Copy only what lies from the line containing "Czapka jesienna, wiosenna" through the line containing "另据华夏基金测算,4月21日" in the entries below, keeping both end lines exact and dropping every picture.

─── Recorded data ───

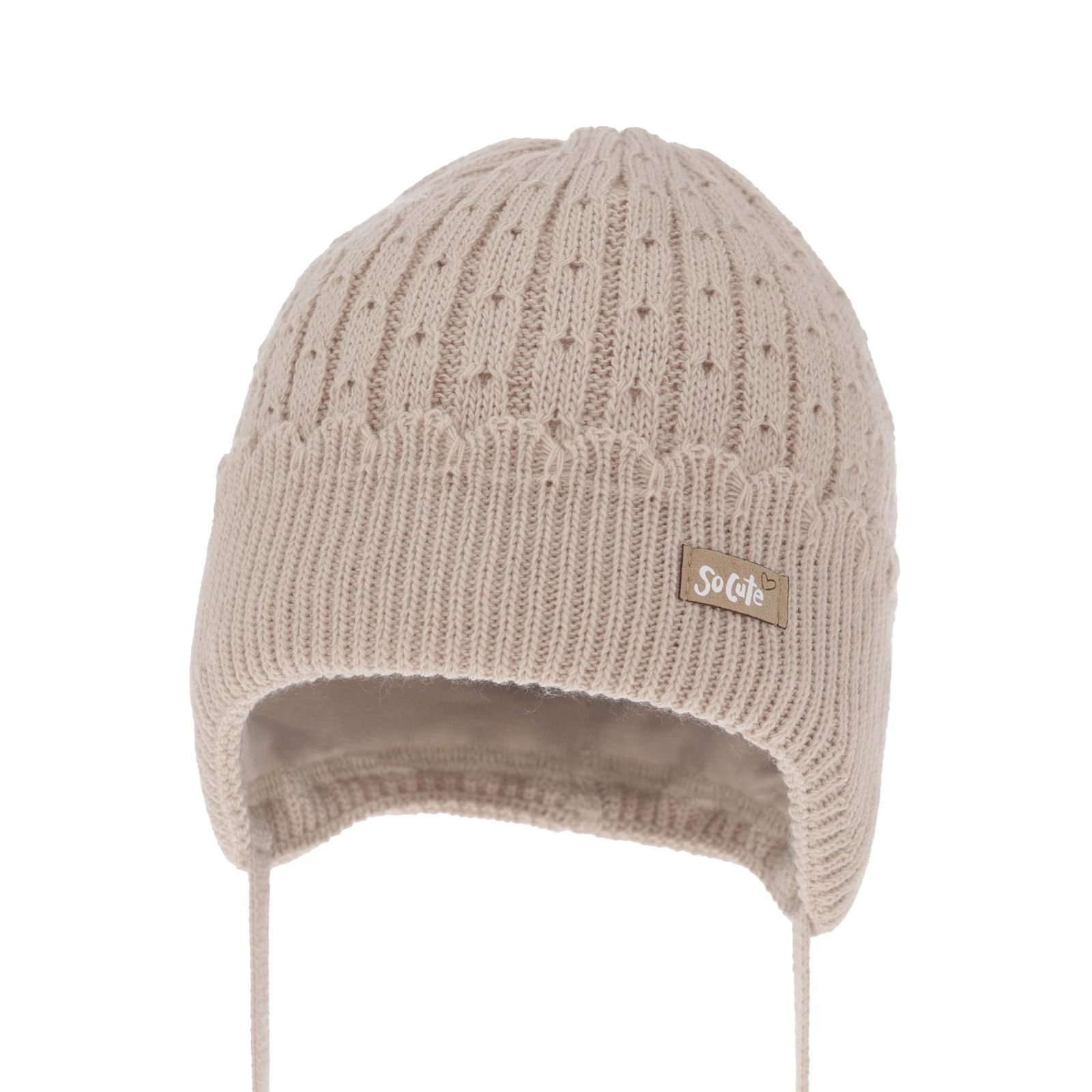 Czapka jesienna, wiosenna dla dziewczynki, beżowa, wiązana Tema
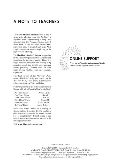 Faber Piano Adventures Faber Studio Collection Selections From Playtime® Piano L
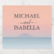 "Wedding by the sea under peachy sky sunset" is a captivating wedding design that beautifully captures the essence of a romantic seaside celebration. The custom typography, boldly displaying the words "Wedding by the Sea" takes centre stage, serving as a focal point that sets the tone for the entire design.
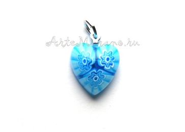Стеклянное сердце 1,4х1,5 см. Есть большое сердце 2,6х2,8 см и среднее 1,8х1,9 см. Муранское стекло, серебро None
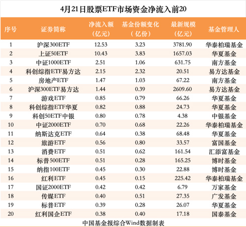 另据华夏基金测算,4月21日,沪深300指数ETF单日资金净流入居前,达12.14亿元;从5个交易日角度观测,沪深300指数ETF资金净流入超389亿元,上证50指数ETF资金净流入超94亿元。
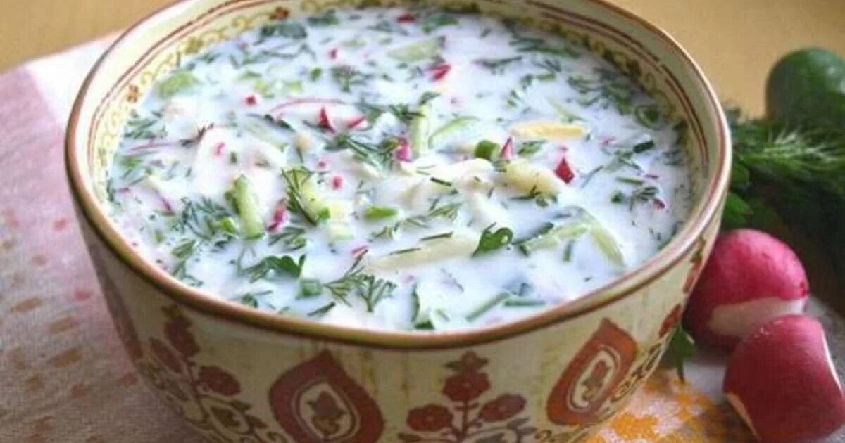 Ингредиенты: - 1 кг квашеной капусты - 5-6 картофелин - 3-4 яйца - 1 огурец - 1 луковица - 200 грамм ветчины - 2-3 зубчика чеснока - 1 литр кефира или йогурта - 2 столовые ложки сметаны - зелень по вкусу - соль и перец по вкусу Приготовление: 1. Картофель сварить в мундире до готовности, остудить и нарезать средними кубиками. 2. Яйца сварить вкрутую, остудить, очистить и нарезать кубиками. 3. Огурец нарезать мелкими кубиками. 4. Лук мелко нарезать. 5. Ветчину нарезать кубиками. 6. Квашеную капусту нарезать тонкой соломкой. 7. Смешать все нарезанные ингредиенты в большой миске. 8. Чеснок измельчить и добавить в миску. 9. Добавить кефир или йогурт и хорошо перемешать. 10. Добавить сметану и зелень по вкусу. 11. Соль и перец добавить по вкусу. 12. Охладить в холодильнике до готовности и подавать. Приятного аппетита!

───
─── Recorded data ───

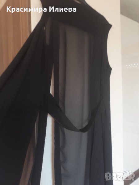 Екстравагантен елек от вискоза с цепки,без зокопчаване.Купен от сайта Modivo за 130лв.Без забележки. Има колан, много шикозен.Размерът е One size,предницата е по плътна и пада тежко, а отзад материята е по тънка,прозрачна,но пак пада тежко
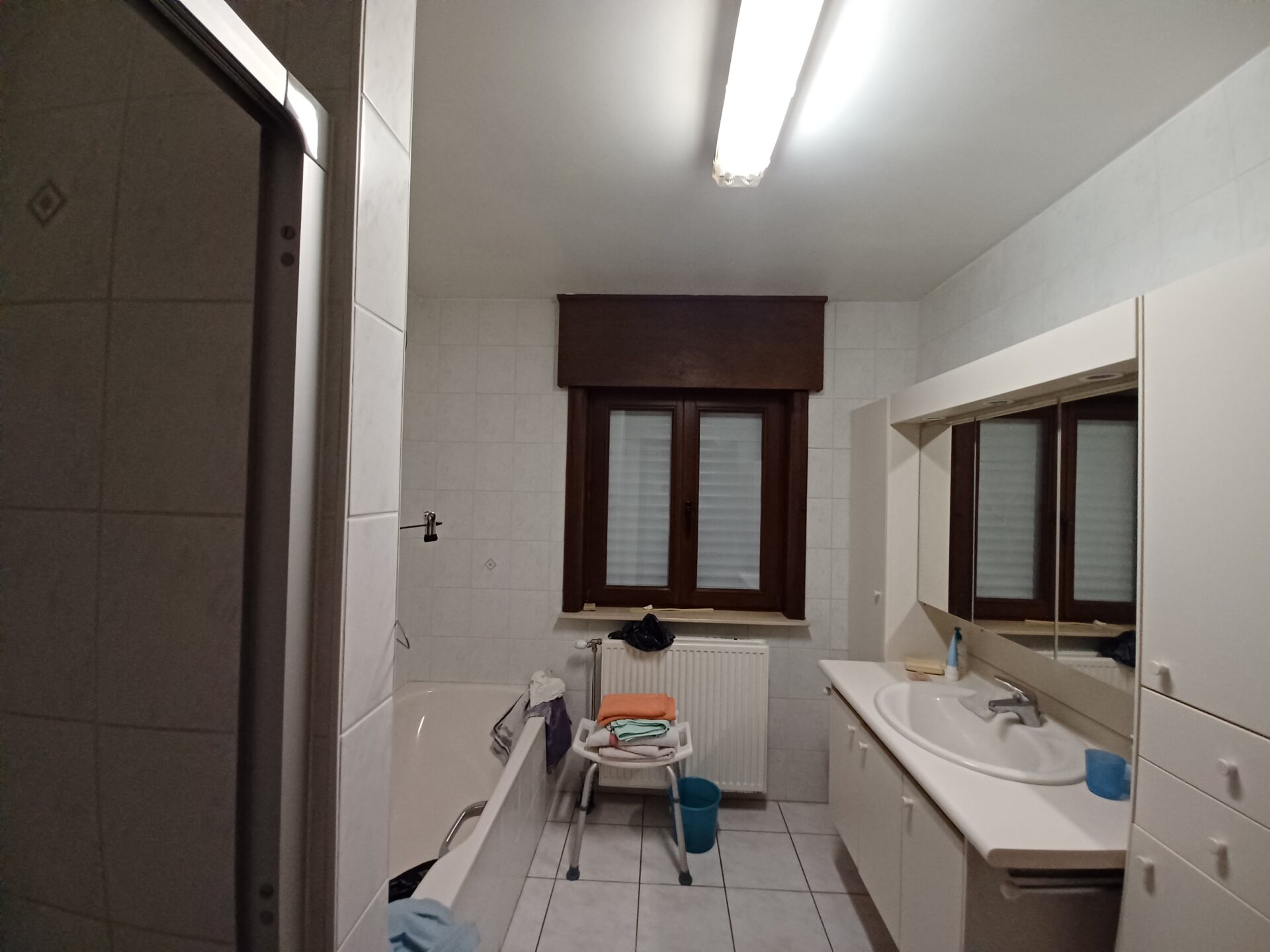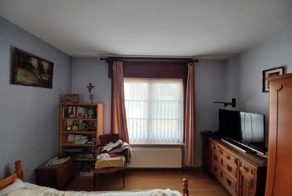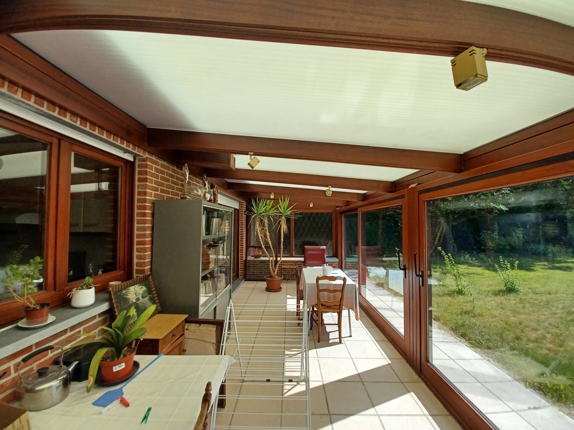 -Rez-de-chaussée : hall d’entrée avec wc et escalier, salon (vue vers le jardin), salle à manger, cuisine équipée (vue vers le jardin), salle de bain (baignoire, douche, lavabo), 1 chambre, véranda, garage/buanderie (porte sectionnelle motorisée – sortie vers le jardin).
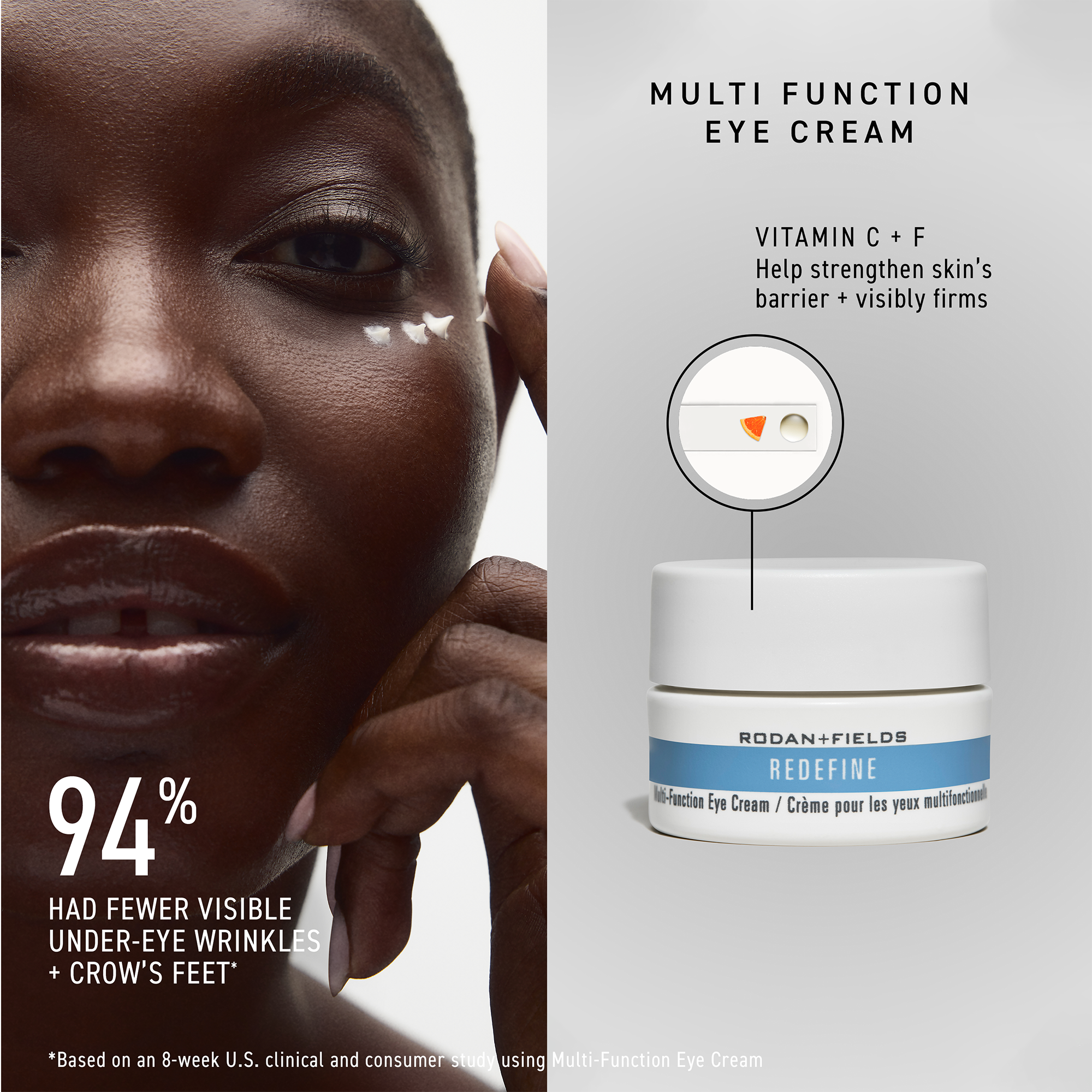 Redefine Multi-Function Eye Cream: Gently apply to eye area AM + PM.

───
─── Recorded data ───

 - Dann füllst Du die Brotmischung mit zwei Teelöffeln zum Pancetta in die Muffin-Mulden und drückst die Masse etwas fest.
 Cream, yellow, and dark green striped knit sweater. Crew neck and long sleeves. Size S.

───

→ **Output below**
 Czapka jesienna, wiosenna dla dziewczynki, beżowa, wiązana Tema
 Faber Piano Adventures Faber Studio Collection Selections From Playtime® Piano L
 "Wedding by the sea under peachy sky sunset" is a captivating wedding design that beautifully captures the essence of a romantic seaside celebration. The custom typography, boldly displaying the words "Wedding by the Sea" takes centre stage, serving as a focal point that sets the tone for the entire design.
Стеклянное сердце 1,4х1,5 см. Есть большое сердце 2,6х2,8 см и среднее 1,8х1,9 см. Муранское стекло, серебро None
 另据华夏基金测算,4月21日,沪深300指数ETF单日资金净流入居前,达12.14亿元;从5个交易日角度观测,沪深300指数ETF资金净流入超389亿元,上证50指数ETF资金净流入超94亿元。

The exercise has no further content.